「役割を分かち合う」 その時モーセは考えた⑩

全12回 月曜-火曜
「それからあなたは、すべての民の中から有能な人、神を畏れる人、誠実な人、不正な利益を憎む人を選び出し、千人隊の長、百人隊の長、五十人隊の長、十人隊の長として民の上に立てなさい。」 (出エジプト記18章21節)
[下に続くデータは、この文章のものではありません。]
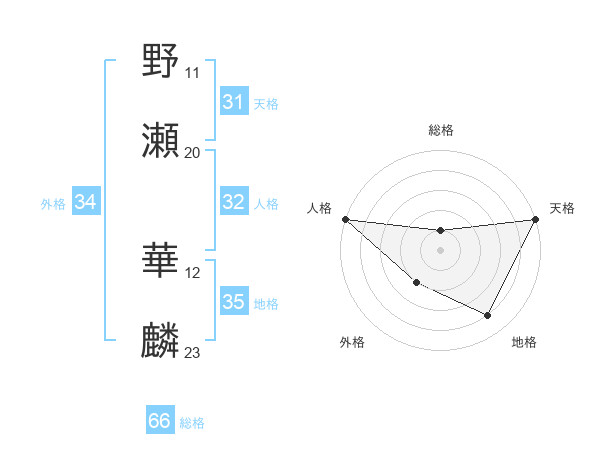 野瀬 華麟さんの天格は31画の5点!

 出エジプト記18章は、信仰と働きが「組織される」ことの大切さを教えています。モーセは、イスラエルの民すべての訴えを一人で裁いていました。朝から晩までモーセの前には長蛇の列がありました。その姿を見て、舅(しゅうと)のエトロは深い危機感を覚えます。「このままでは、あなたも民も疲れ果ててしまう」。そこで示されたのが、役割を分かち合うという神知恵でした。 神は、群衆の中から「有能な人」「神を畏れる人」「誠実な人」「不正な利益を憎む人」を選び、千人隊、百人隊、五十人隊、十人隊の長として立てるように命じられます。ここで大切なのは、組織の基準が能力だけではないという点です。信仰と人格が、組織の土台とされています。組織とは効率化の道具ではなく、神の正義と憐れみを行き渡らせるための器なのです。 また、この組織はピラミッド型でありながら、同時に人に近い構造です。小さな問題は十人隊の長が担い、大きな事柄のみがモーセに委ねられる。これにより、民一人ひとりの声が埋もれず、同時に指導者も守られました。組織化は人を管理するためではなく、人を生かすために与えられた神の配慮でした。 教会や共同体においても同じことが言えます。すべてを一人で抱え込むと、使命は続きません。神を畏れ、誠実に仕える人々が役割を分かち合うとき、共同体は健やかに成長します。「組織する」とは、役割を与えて委ねることです。役割なき者は去っていきます。信頼して任せる所で人の賜物は輝きます。それは、神の民が共に歩み続けるための、愛に満ちた備えなのです。
《祈り》主なる神よ、私たちが一人で抱え込むのではなく、あなたを畏れ、誠実に仕える者として、互いに信頼し合い、役割を分かち合うことができますように。委ねる勇気と受け取る謙遜をお与えください。